#### [What to do]
Could you please retype all of the records exactly, skipping any pictures?

#### [Data extracts]
+ + + +
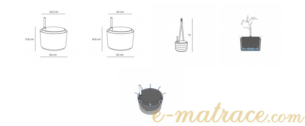 Samozavlažovací závěsný květináč Berberis o průměru 26 cm se závěsným odnímatelným popruhem. Maximální zatížení květináče 4,5 kg.
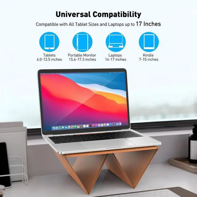 ^^ Unmatched Device Harmony: Embrace universal fit with our ipad stands broad compatibility. Designed to cradle 14"~17" tablets, including the iPad and Kindle, and also accommodate MacBook Air/Pro, it's the quintessential tablet and laptop stand for the discerning user.
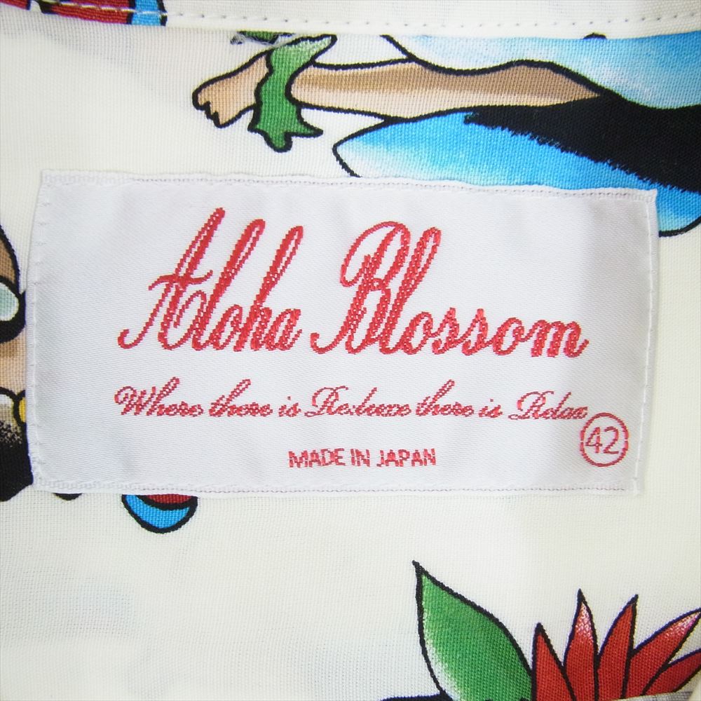 アロハブロッサム AB-0010010100 レーヨン 総柄 アロハシャツ 半袖 ホワイト系 42【極上美品】【中古】
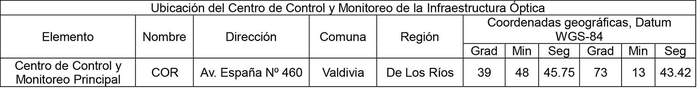 11.1 El Centro de Control y Monitoreo de la Infraestructura Óptica del Proyecto Zona Geográfica Sur se encontrará emplazado en la ciudad de Valdivia, Región de Los Ríos. En dicha locación se instalará y operará el equipamiento y software necesarios para llevar a cabo el control, monitoreo y supervisión centralizados de todos los componentes y elementos que conforman al Proyecto Zona Geográfica Sur. Se utilizará el COEOIT junto con los medios propios o de terceros debidamente autorizados por Subtel que se requieren para el transporte de la información de monitoreo entre los POIIT Terrestres del Proyecto Zona Geográfica Sur y el referido Centro de Control y Monitoreo de la Infraestructura Óptica.
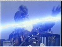 Pan left and up onto Hate Master as several bolts of energy sparkily blast into him from our lower right. |
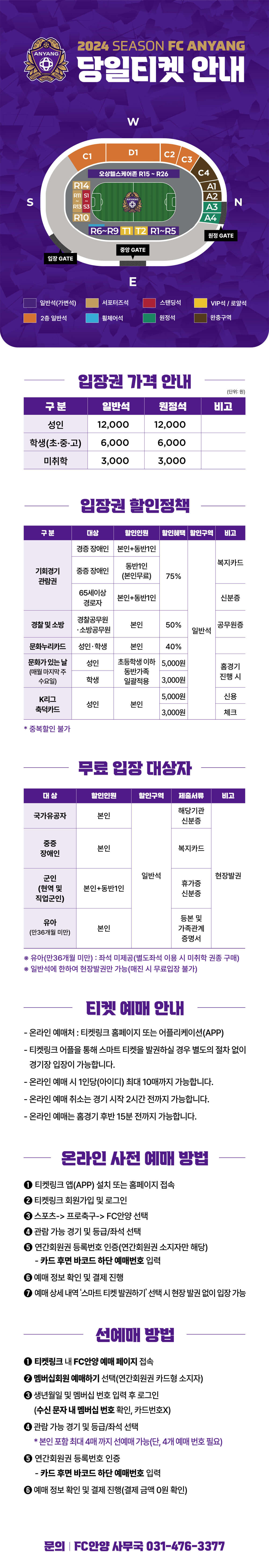 에프씨안양 2024 시즌 프로축구 K케이리그2 안양종합운동장 홈경기 좌석 배치도, 티켓 가격, 할인, 무료입장, 예매 등 관람안내
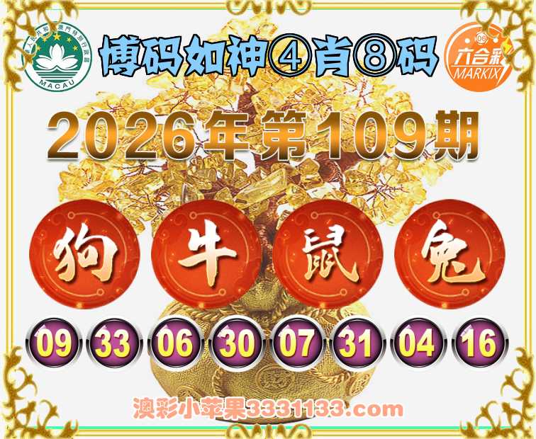 109期:【博码如神】 ④肖⑧码【狗牛鼠】开:兔16准上榜高手
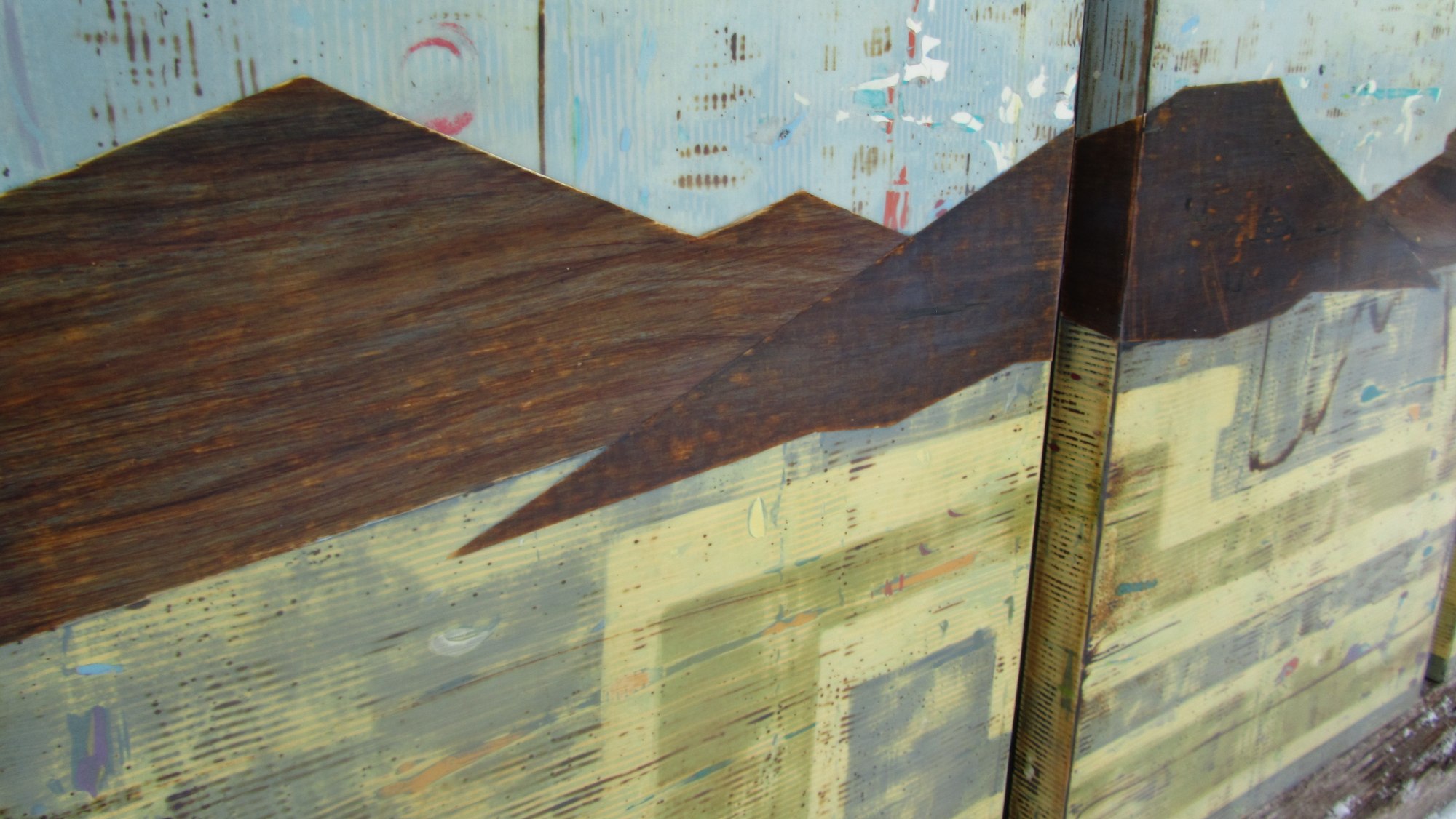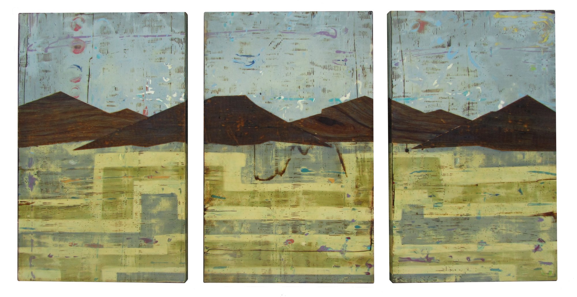 This multiple layered painting wraps around the sides of the 15 in wide panels I recommend hanging the painting the same distance apart as the depth of the painting. This is viewed by me a seen you see when looking out the car window driving through Montana. I love to create interdisciplinary impressionism art. I fell in love with historic paint and plaster techniques, usually used in a cathedral-like setting. I twist them around, add some modern mixes, and place them on a substrate so that you can have a piece of the cathedral to add to your home or business. I love the honor of commissioned work, and the first consultation is free.
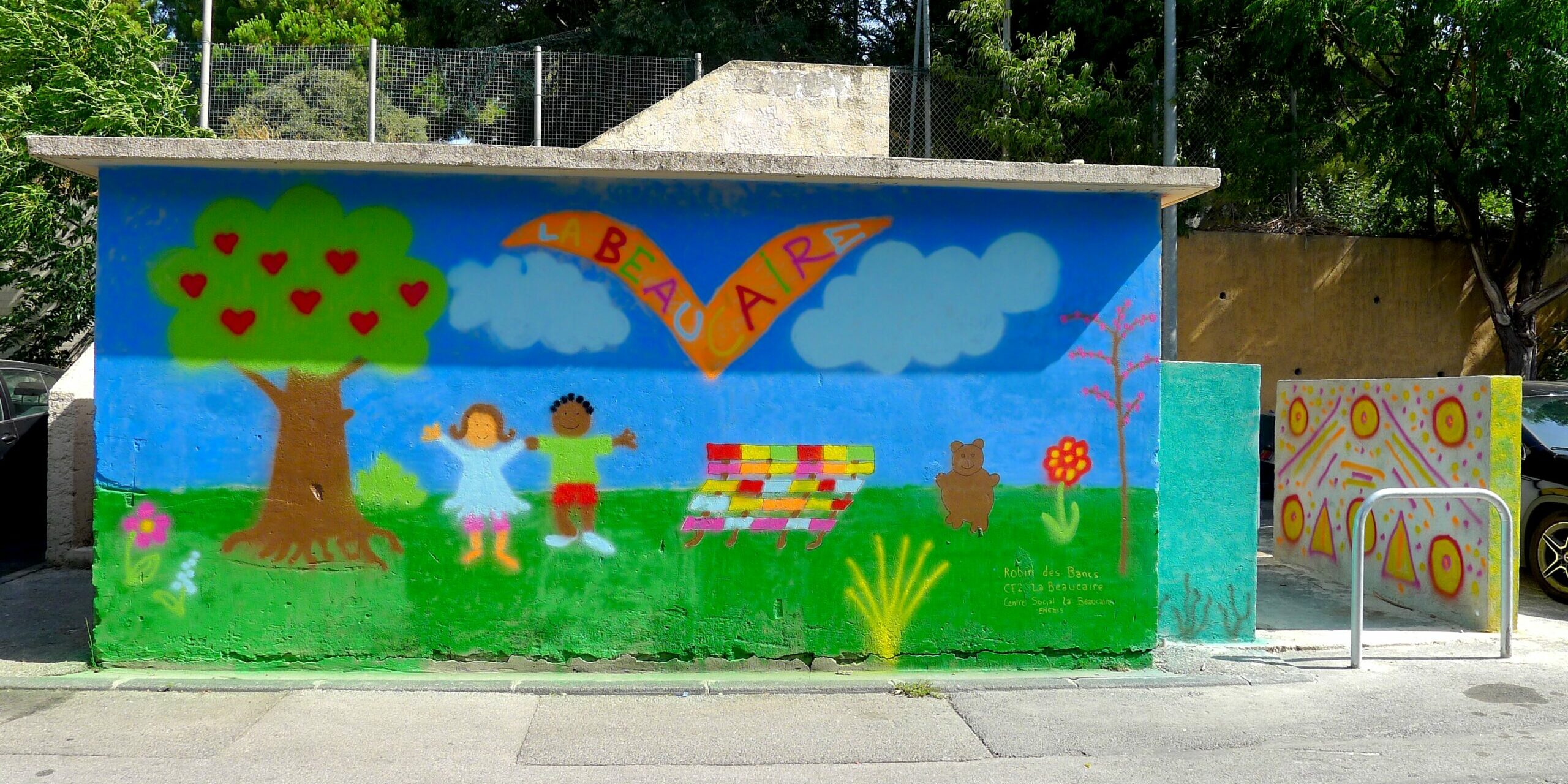 Suite à nos réalisations dans les écoles, Enedis nous a confié la décoration du transformateur de La Beaucaire. Nous avons demandé à des élèves de CE2 de La Beaucaire d’imaginer des dessins pour décorer le transformateur. Puis nous avons regroupé ces dessins sur une photo du transformateur. Le 30 juillet, des jeunes du centre social, des habitants du quartier et des bénévoles de Robin des Bancs se sont attaqués à la réalisation de cette déco. Tout n’est pas terminé, nous reviendrons en Août !
+ + + +
#### [Answer to this problem]
 Samozavlažovací závěsný květináč Berberis o průměru 26 cm se závěsným odnímatelným popruhem. Maximální zatížení květináče 4,5 kg.
 ^^ Unmatched Device Harmony: Embrace universal fit with our ipad stands broad compatibility. Designed to cradle 14"~17" tablets, including the iPad and Kindle, and also accommodate MacBook Air/Pro, it's the quintessential tablet and laptop stand for the discerning user.
 アロハブロッサム AB-0010010100 レーヨン 総柄 アロハシャツ 半袖 ホワイト系 42【極上美品】【中古】
 11.1 El Centro de Control y Monitoreo de la Infraestructura Óptica del Proyecto Zona Geográfica Sur se encontrará emplazado en la ciudad de Valdivia, Región de Los Ríos. En dicha locación se instalará y operará el equipamiento y software necesarios para llevar a cabo el control, monitoreo y supervisión centralizados de todos los componentes y elementos que conforman al Proyecto Zona Geográfica Sur. Se utilizará el COEOIT junto con los medios propios o de terceros debidamente autorizados por Subtel que se requieren para el transporte de la información de monitoreo entre los POIIT Terrestres del Proyecto Zona Geográfica Sur y el referido Centro de Control y Monitoreo de la Infraestructura Óptica.
 Pan left and up onto Hate Master as several bolts of energy sparkily blast into him from our lower right. |
 에프씨안양 2024 시즌 프로축구 K케이리그2 안양종합운동장 홈경기 좌석 배치도, 티켓 가격, 할인, 무료입장, 예매 등 관람안내
 109期:【博码如神】 ④肖⑧码【狗牛鼠】开:兔16准上榜高手
 This multiple layered painting wraps around the sides of the 15 in wide panels I recommend hanging the painting the same distance apart as the depth of the painting. This is viewed by me a seen you see when looking out the car window driving through Montana. I love to create interdisciplinary impressionism art. I fell in love with historic paint and plaster techniques, usually used in a cathedral-like setting. I twist them around, add some modern mixes, and place them on a substrate so that you can have a piece of the cathedral to add to your home or business. I love the honor of commissioned work, and the first consultation is free.
 Suite à nos réalisations dans les écoles, Enedis nous a confié la décoration du transformateur de La Beaucaire. Nous avons demandé à des élèves de CE2 de La Beaucaire d’imaginer des dessins pour décorer le transformateur. Puis nous avons regroupé ces dessins sur une photo du transformateur. Le 30 juillet, des jeunes du centre social, des habitants du quartier et des bénévoles de Robin des Bancs se sont attaqués à la réalisation de cette déco. Tout n’est pas terminé, nous reviendrons en Août !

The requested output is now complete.